What to work on =>
In the material below, find the line containing "Cinta de balizamiento" and the line containing "De Samsung Galaxy". Output those two lines and all lines between them exactly, without pictures.

Data for processing START

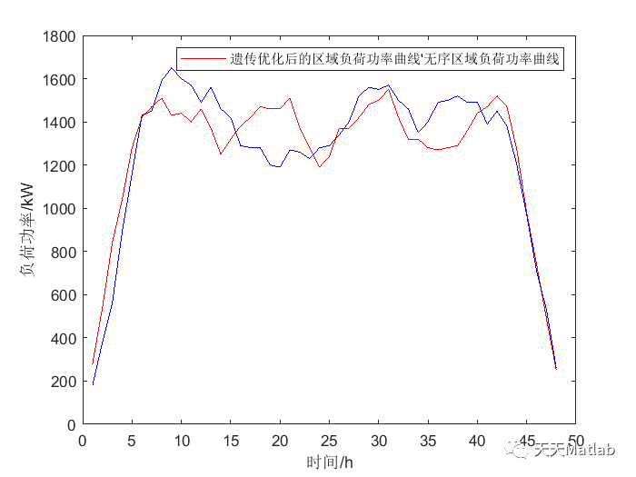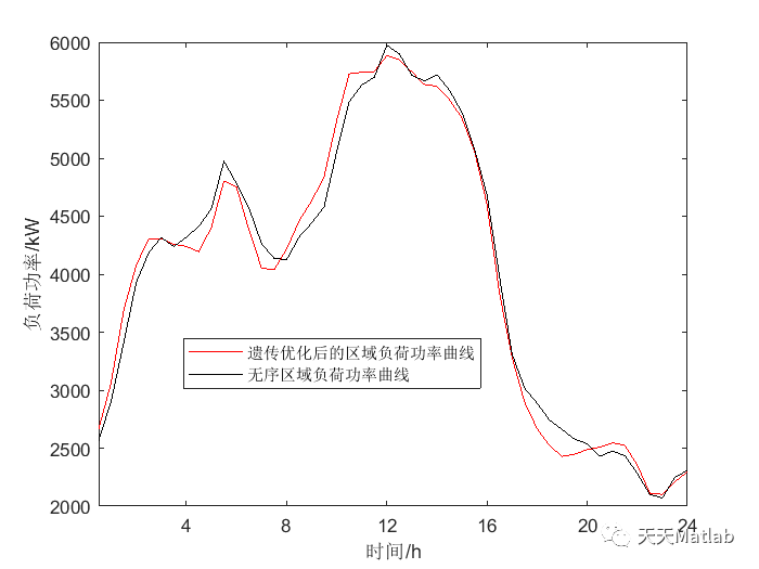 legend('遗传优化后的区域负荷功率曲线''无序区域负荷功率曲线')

Data for processing END
Data for processing START

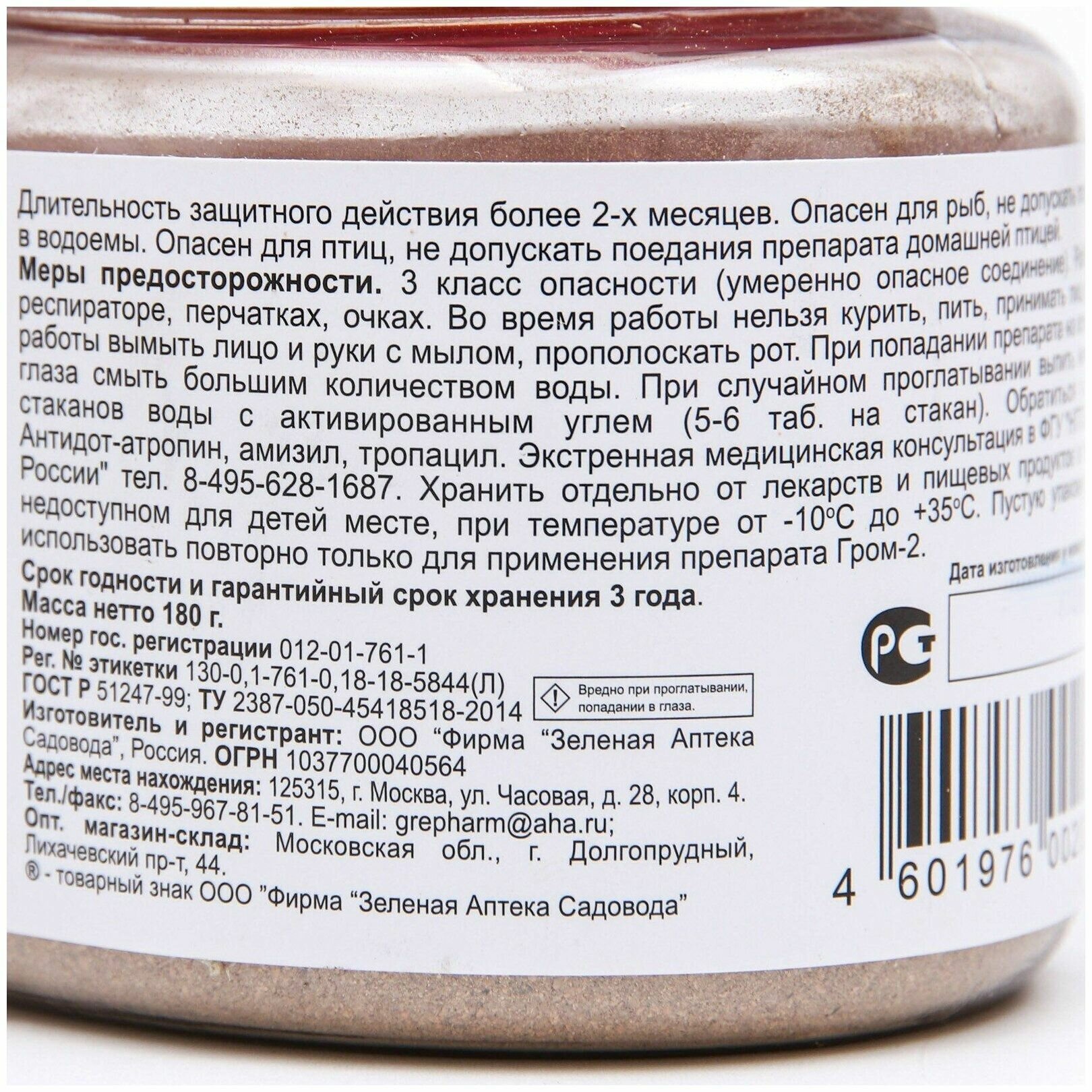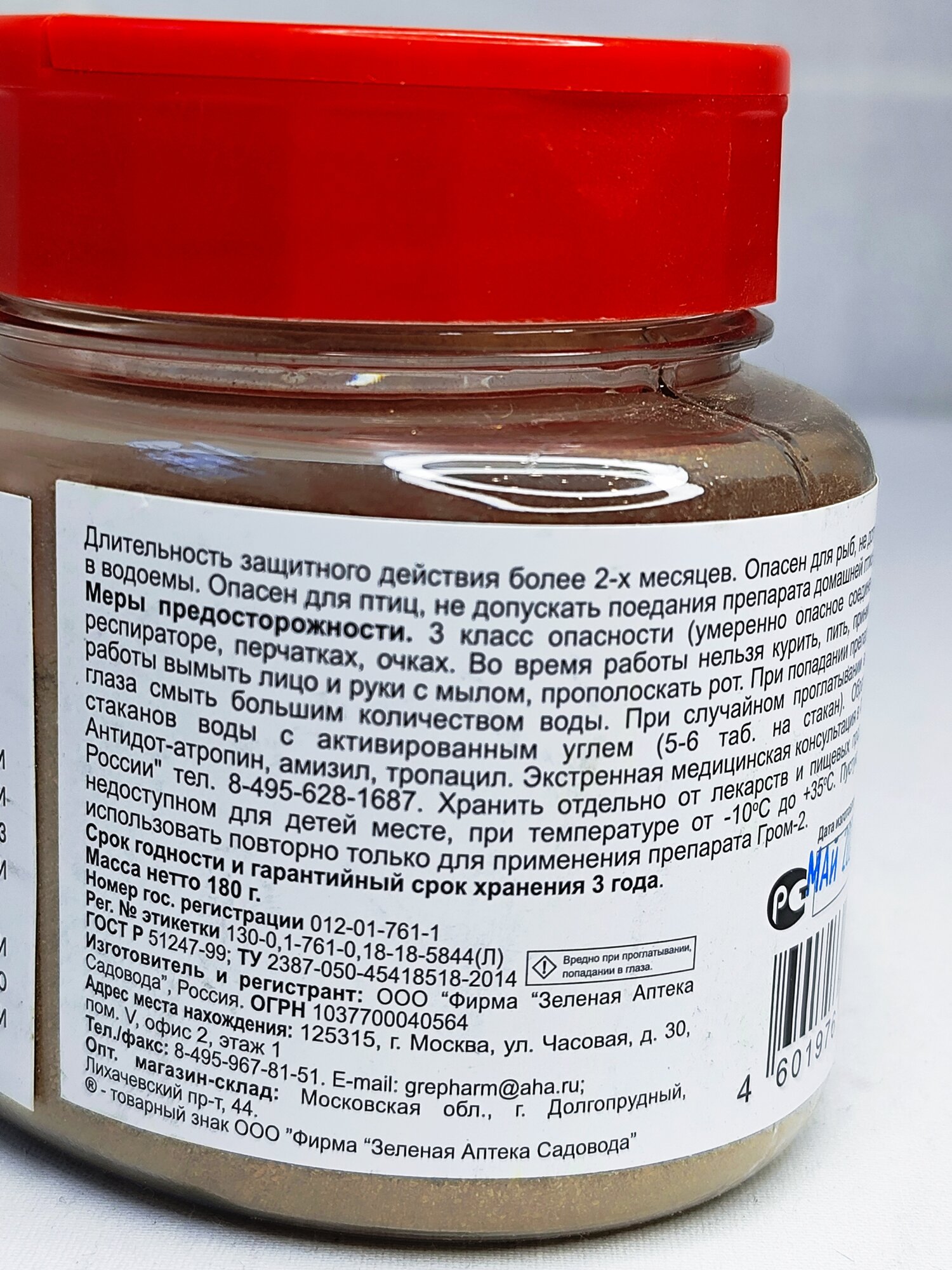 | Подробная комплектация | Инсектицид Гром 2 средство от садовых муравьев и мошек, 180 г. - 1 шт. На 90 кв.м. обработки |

Data for processing END
Data for processing START

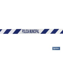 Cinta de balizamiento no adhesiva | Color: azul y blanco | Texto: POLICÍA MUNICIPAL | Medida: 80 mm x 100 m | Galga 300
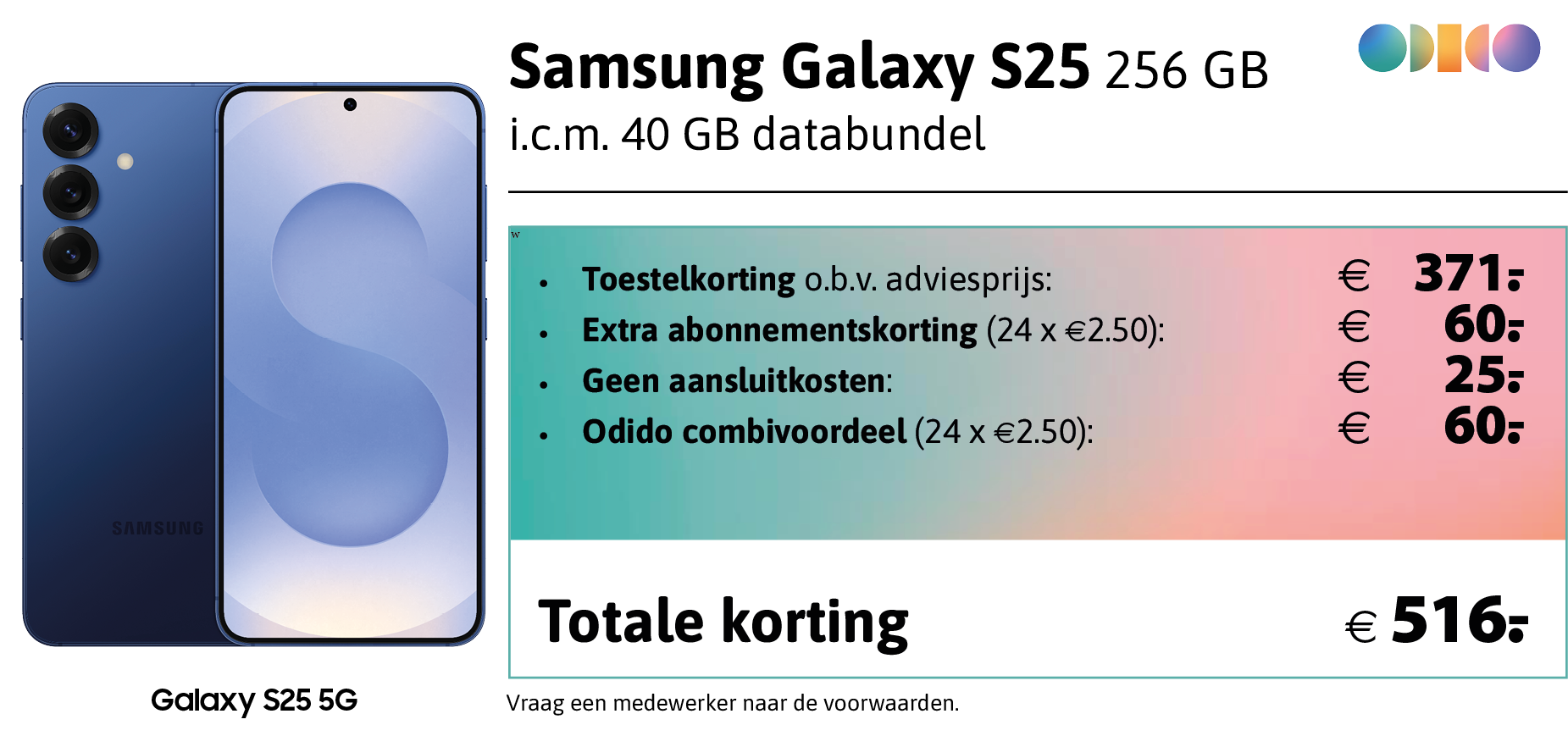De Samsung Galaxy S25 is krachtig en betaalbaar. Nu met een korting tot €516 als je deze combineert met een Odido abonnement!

Data for processing END

Solved exercise =>
 Cinta de balizamiento no adhesiva | Color: azul y blanco | Texto: POLICÍA MUNICIPAL | Medida: 80 mm x 100 m | Galga 300
De Samsung Galaxy S25 is krachtig en betaalbaar. Nu met een korting tot €516 als je deze combineert met een Odido abonnement!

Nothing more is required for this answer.